Sejm trzymał kciuki za Małysza
W czasie piątkowego posiedzenia Sejmu prowadzący obrady wicemarszałek Janusz Wojciechowski poinformował posłów o zdobyciu przez Adama Małysza drugiego złotego medalu narciarskich mistrzostw świata w skokach.
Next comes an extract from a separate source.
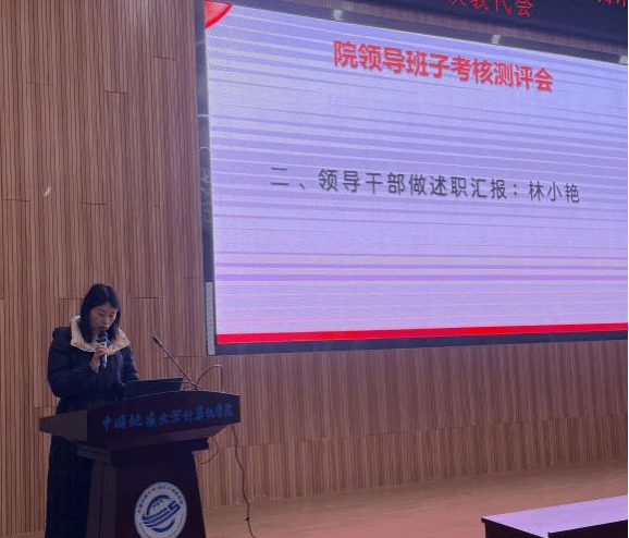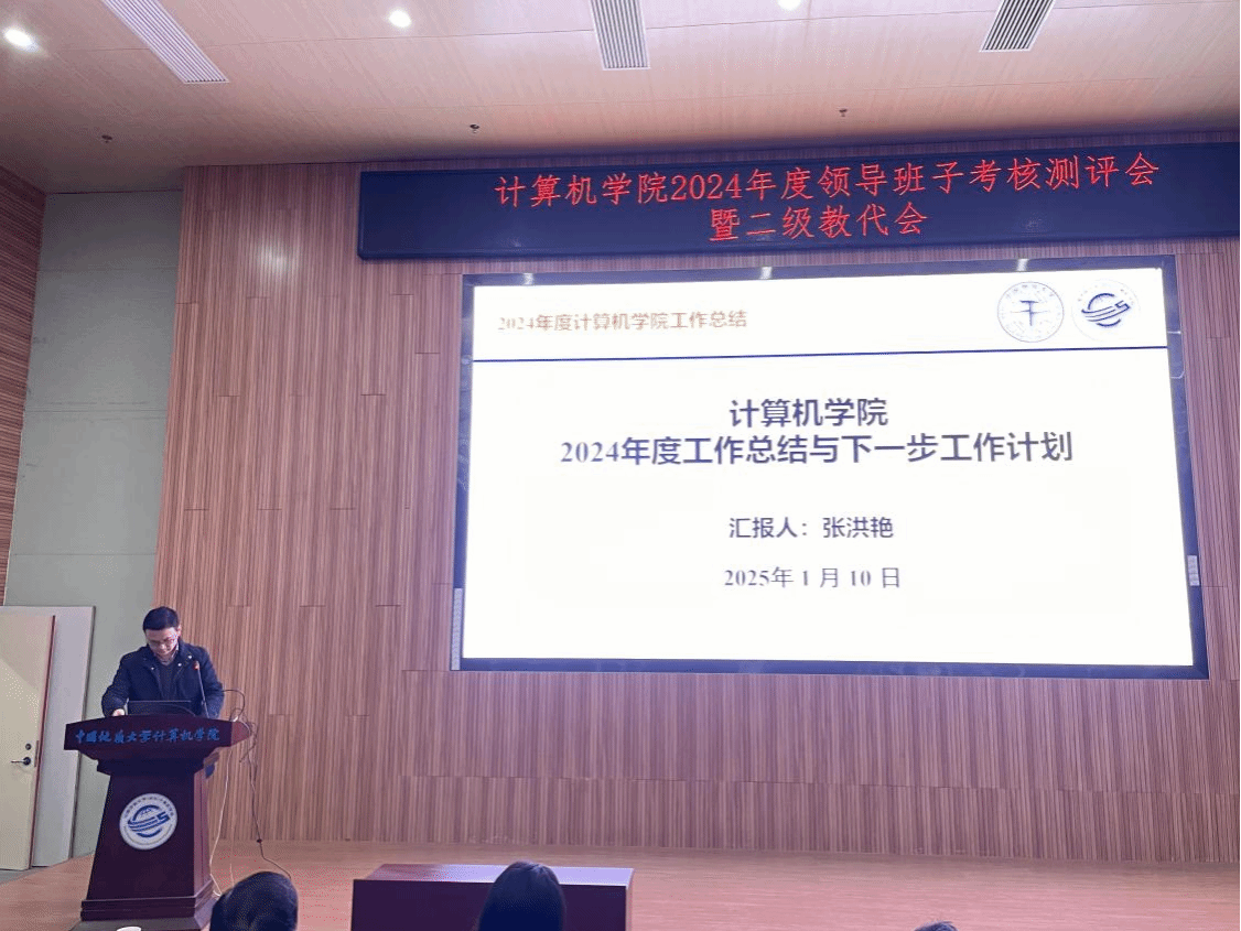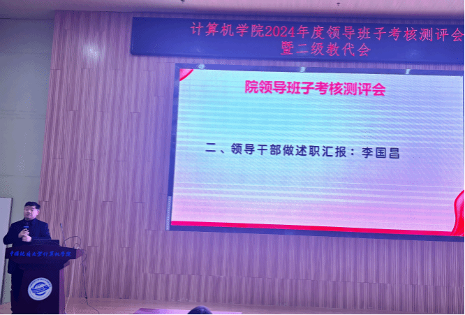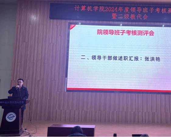 张洪艳院长代表院领导班子述职述廉。2024年,beat365在线唯一官网领导班子旗帜鲜明讲政治,不折不扣不抓落实,以“提质增效年”为主题,团结协作、务实创新、担当作为,继续带领全院师生抓发展、保平安、守规矩,推动学院各项事业取得明显成效。未来将进一步落实学院“十四五”事业发展各项任务,协同推进和落实一流计算机学科建设计划,完善体制机制,抢抓人工智能和计算机基础学科发展机遇,坚持问题导向和目标导向,全面贯彻落实学校《关于进一步深化改革 扎实推进教育强国建设地大实践的行动方案》各项任务。
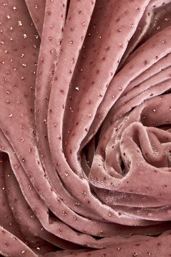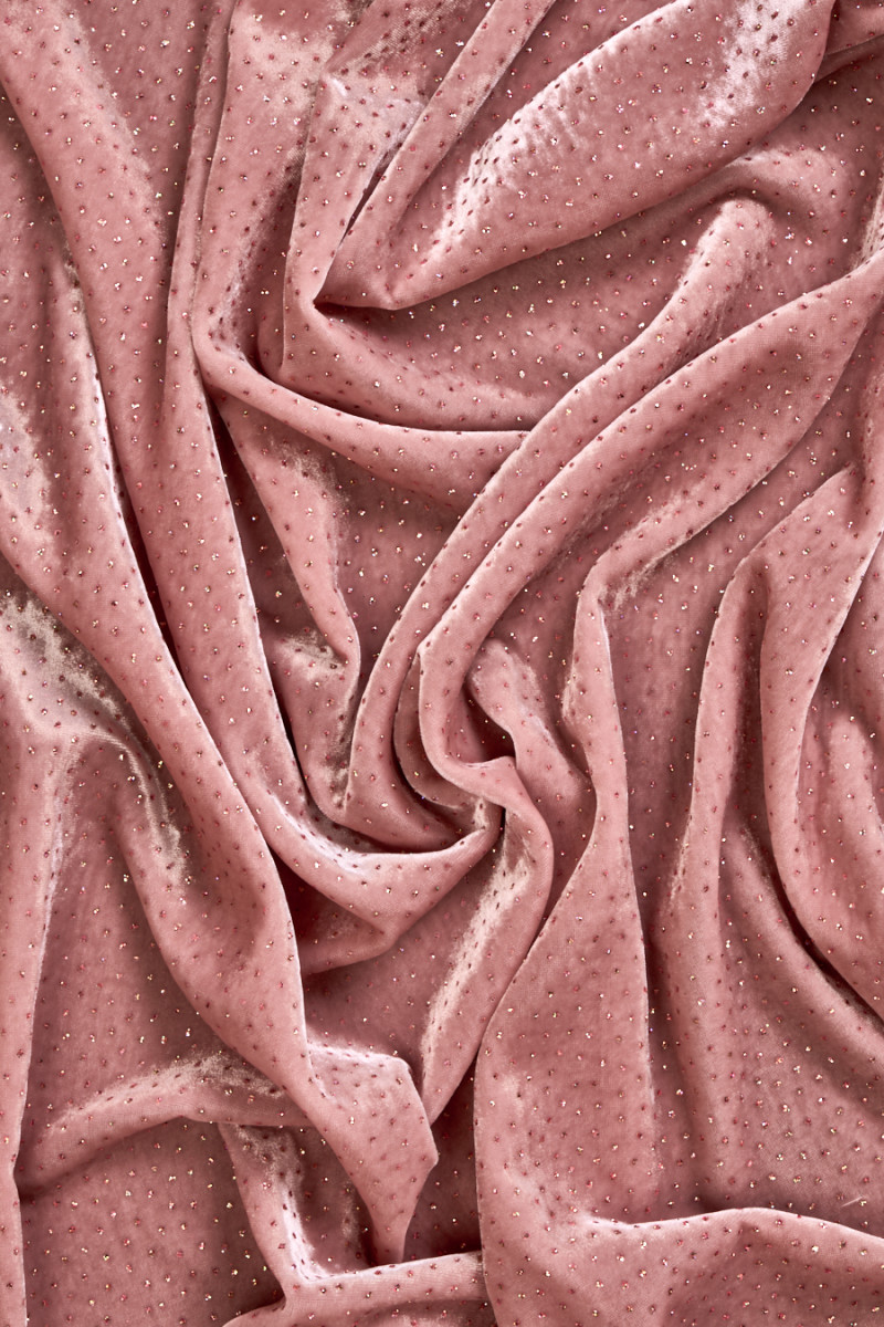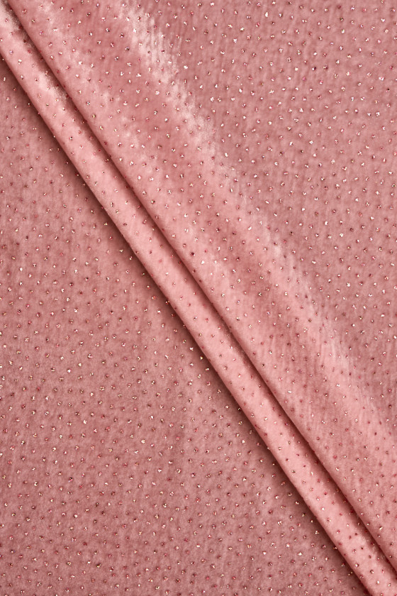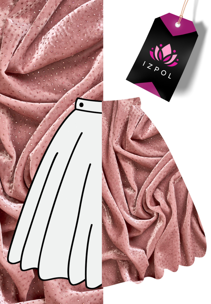 Taliansky, exkluzívny velúr v púdrovej ružovej farbe zdobený pestrofarebnými trblietkami. Tkanina je mäkká, splývavá, neelastická, tenká, ale nepriehľadná. Krásne sa zakrýva a trblietavá dekorácia dodáva látke jedinečný vzhľad. Nádherný návrh na vytvorenie spoločenských šiat, sukne alebo blúzky.

Marszałek Sejmu Marek Borowski, który konkurs w Val di Fiemme oglądał w telewizji w swoim gabinecie, zaraz po zwycięstwie Adama Małysza, przesłał do niego list następującej treści:
"Przyznam, że kłopot mam nie lada, jakich to słów użyć gratulując Panu zdobycia dwóch tytułów mistrza świata w Val di Fiemme. A ponieważ zewsząd płyną pod Pana adresem wyrazy zachwytu, to trudno mi będzie ustrzec się powtórzeń. Najkrócej więc skwituję - niebotyczny wynik, niebotyczne osłupienie rywali, no i wreszcie, bo nie mogło być inaczej, niebotyczna euforia i duma nas wszystkich. Czegóż zatem można życzyć Mistrzowi po osiągnięciu takich sukcesów - chyba jedynie tego, o czym sam Pan marzył, bo nasze marzenia już Pan spełnił. Chociaż? Rywalizacja o Kryształową Kulę nie jest jeszcze zakończona" - napisał marszałek Sejmu. (mag)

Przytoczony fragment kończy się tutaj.